To: K-list
Recieved: 2001/08/21 13:26
Subject: Re: [K-list] epilepsy and K experience/sleep paralysis
From: Druout
On 2001/08/21 13:26, Druout posted thus to the K-list: In a message dated 8/20/2001 12:00:04 AM Pacific Daylight Time,
an1ATnospamdcc.tas.gov.au writes:
> The feeling I had was that the geometric
> pattern had become in love with itself and the love needed to reproduce
Dear Dustpan, List,
What a wonderful image! :))
[I try to move my arms,
I 'see' them moving, but then moments after I realise that I have not moved
them at all. I struggle for some time in my 'coma' body. It feels as though
about 15 mins go by but I cant be sure]
I frequently wake up in a state catalepsy. I'm not sure if this is similar to
what you are experiencing or not. Usually I wake up 2 or three times at
night with it. Sometimes if I simply relax into the state and let a bit of
time go by before I try to move. For me it isn't unpleasant--but perhaps it
is the *fear* which causes a problem--the fear of not getting back to
"normal."
Further below is a post on Sleep Paralysis sent to the list last February
which might help "explain" some of what you are experiencing.
[While I am having this experience
the concept of time goes out the window.I will be trying to move my arm ,
going through certain motions and arm flexes, then time will seem to 'flip'
and I will have the same experience again. If you are thinking that this is
wonderful and sci-fi it is NOT. ]
That *does* sound nightmarish.
[Normally I walk around the room as normal, I don't 'float' on the
ceiling as most OBE's do. Sometimes the furniture is in different positions,
it is for this reason I am quite willing to listen to people who think I am
just having a hallucination, why would the furniture be different?]
Well, perhaps it is to *let you know* that this is a different reality that
you are experiencing.
[I spend
most of my time being worried about how I will get back into my body (waking
up is just as difficult) my normal interest in other realms is eaten by
fear. I also try to hide from other 'things' that seem to dwell in this
realm. Once I tried to hide under the bed to escape 3 'monks' complete in
Franciscan robes! They totally ignored me.]
I was fortunate in that for some reason the energy seemed to eat my fear
rather than the other way around. I should have been afraid I was going
mad--hearing voices--etc. But at some point I decided it didn't matter if I
were mad or not. That whatever the energy wanted from me--whatever
transpired-- was ok with me--that it knows best. Whenever I do find myself
falling into fear, I try to force myself to relax. But Fear is one of the
most difficult things to overcome!
Does anyone have any ideas of how to overcome fear?
Love, Hillary
*****************
Date: 2/25/2001 4:26:36 PM Pacific Standard Time
From: druoutATnospamaol.com
To:K-list
In the Science Times section of the NYTimes July 6, 1999 there was a
fascinating article on "sleep paralysis." The "catalepsy" some of us
experience seems to be a variation of this--but a blissful version. I
apologize if I sent this
before. I couldn't find it in the archives, though.
*********
"I feel an intense pressure in my head, as if it's going to explode," said
Mr. Terrillon, a Canadian physicist doing research in Japan. Sometimes he
finds himself transported upward and looking down on his body, or else sent
hurtling through a long tunnel, and these episodes are terrifying even for a
scientist like him who does not believe that evil spirits go around haunting
people.
"Called sleep paralysis, this disorder--the result of a disconnect between
brain and body as a person is on the fringe of sleep--is turning out to be
increasingly common, affecting nearly half of all people at least once.
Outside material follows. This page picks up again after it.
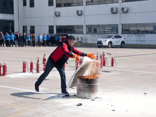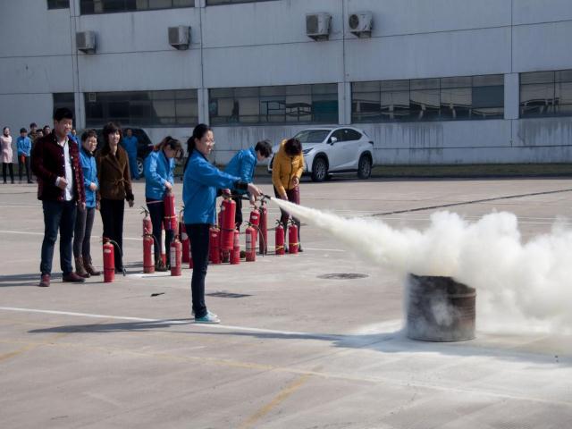 为了让消防知识深入人心,培训课程结束后,公司安全科长杨正涛在室外场地就灭火器材及防护装备的使用进行了现场的示范与演练,同时对初起火灾扑救方法以及火灾发生后如何报火警、如何安全疏散和自救逃生等安全常识进行了详细的解说,并在现场让公司员工亲身体验了一次灭火实战演练过程。在随后的各工厂应急演练疏散过程中,当消防警报突然响起,各区域安全负责人立即组织本区域人员井然有序地按照规定疏散路线,迅速撤离现场,到达指定地点,出色的完成了疏散逃生演练。

Moreover, a growing number of scholars believe that sleep paralysis may help
explain many ancient reports of attacks by witches and modern claims of
abduction by space aliens.
"I think it can explain claims of witchcraft and alien abduction," said
Kazuhiko Fukuda, a psychologist at Fukushima University in Japan and a
leading expert on sleep paralysis. Research in Japan has had a headstart
because sleep paralysis is well-known to most Japanese, who call it
kanashibari, while it is little-known and less studied in the West.
...
"Sleep paralysis seems to have been described since ancient times, and an
episode appears in "Moby Dick"...Chinese called it "gui ya," or ghost
pressure, and believed that a ghost sat on and assaulted sleepers. ...In the
West Indies, sleep paralysis was called "kokma"...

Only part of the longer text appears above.